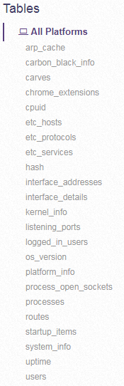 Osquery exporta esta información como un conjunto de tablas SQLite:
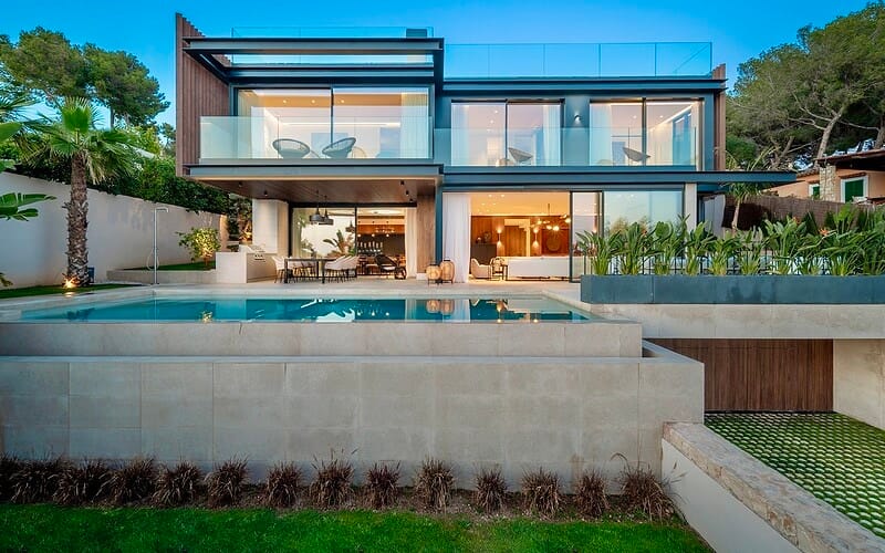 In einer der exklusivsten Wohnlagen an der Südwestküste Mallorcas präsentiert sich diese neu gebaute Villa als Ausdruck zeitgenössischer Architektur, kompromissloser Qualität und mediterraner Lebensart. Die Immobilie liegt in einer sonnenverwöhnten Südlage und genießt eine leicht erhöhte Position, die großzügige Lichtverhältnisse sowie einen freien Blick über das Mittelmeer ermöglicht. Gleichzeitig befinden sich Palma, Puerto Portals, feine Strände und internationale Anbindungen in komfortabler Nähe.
○ ○ ○ ○ ○
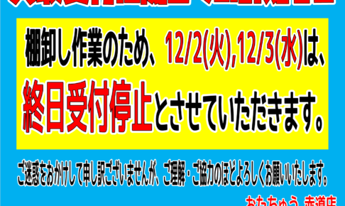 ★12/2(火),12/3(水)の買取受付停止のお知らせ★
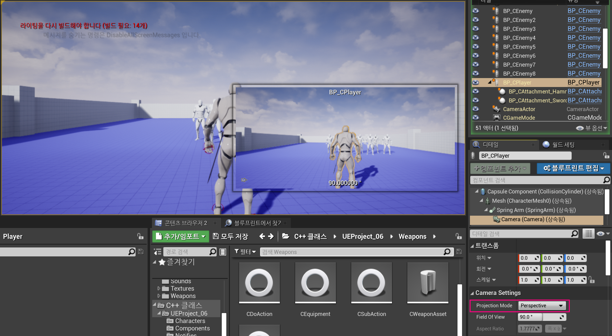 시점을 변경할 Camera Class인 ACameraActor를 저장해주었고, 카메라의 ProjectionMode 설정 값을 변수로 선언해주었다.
○ ○ ○ ○ ○
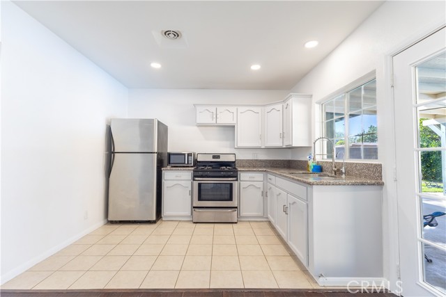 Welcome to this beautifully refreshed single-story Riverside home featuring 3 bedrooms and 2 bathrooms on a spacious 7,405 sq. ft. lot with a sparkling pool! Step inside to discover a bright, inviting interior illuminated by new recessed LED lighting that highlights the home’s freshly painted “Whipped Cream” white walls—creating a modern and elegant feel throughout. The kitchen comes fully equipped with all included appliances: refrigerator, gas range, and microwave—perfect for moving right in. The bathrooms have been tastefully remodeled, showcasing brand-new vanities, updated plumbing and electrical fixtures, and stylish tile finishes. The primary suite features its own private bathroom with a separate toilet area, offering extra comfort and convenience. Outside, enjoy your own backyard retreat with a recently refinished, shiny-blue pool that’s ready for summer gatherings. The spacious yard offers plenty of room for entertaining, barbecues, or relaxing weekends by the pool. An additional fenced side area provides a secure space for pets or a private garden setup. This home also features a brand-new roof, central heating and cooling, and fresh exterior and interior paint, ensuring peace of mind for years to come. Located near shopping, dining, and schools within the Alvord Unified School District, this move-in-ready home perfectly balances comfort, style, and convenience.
○ ○ ○ ○ ○
TASK INSTRUCTIONS =
Nothing but the lines above, starting at the line that contains "Osquery exporta esta" and ending at the line that contains "In einer der", should be given again, exactly and without the pictures.

FINAL ANSWER =
 Osquery exporta esta información como un conjunto de tablas SQLite:
 In einer der exklusivsten Wohnlagen an der Südwestküste Mallorcas präsentiert sich diese neu gebaute Villa als Ausdruck zeitgenössischer Architektur, kompromissloser Qualität und mediterraner Lebensart. Die Immobilie liegt in einer sonnenverwöhnten Südlage und genießt eine leicht erhöhte Position, die großzügige Lichtverhältnisse sowie einen freien Blick über das Mittelmeer ermöglicht. Gleichzeitig befinden sich Palma, Puerto Portals, feine Strände und internationale Anbindungen in komfortabler Nähe.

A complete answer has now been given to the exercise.